Internet Explorer: Targeted Representation Learning on the Open Web

Alexander C. Li,Ellis Brown,Alexei A. Efros,Deepak Pathak
2023-09-07
Abstract:Modern vision models typically rely on fine-tuning general-purpose models pre-trained on large, static datasets. These general-purpose models only capture the knowledge within their pre-training datasets, which are tiny, out-of-date snapshots of the Internet -- where billions of images are uploaded each day. We suggest an alternate approach: rather than hoping our static datasets transfer to our desired tasks after large-scale pre-training, we propose dynamically utilizing the Internet to quickly train a small-scale model that does extremely well on the task at hand. Our approach, called Internet Explorer, explores the web in a self-supervised manner to progressively find relevant examples that improve performance on a desired target dataset.
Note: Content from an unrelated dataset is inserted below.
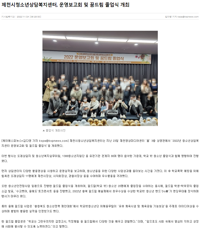 Á¦Ãµ½Ãû¼Ò³â»ó´ãº¹Áö¼¾ÅÍ, ¿î¿µº¸°íȸ ¹× ²Þµå¸² Á¹¾÷½Ä °³ÃÖ

It cycles between searching for images on the Internet with text queries, self-supervised training on downloaded images, determining which images were useful, and prioritizing what to search for next. We evaluate Internet Explorer across several datasets and show that it outperforms or matches CLIP oracle performance by using just a single GPU desktop to actively query the Internet for 30--40 hours. Results, visualizations, and videos at <a class="link-external link-https" href="https://internet-explorer-ssl.github.io/" rel="external noopener nofollow">this https URL</a>
Machine Learning,Artificial Intelligence,Computer Vision and Pattern Recognition,Neural and Evolutionary Computing,Robotics
What problem does this paper attempt to address?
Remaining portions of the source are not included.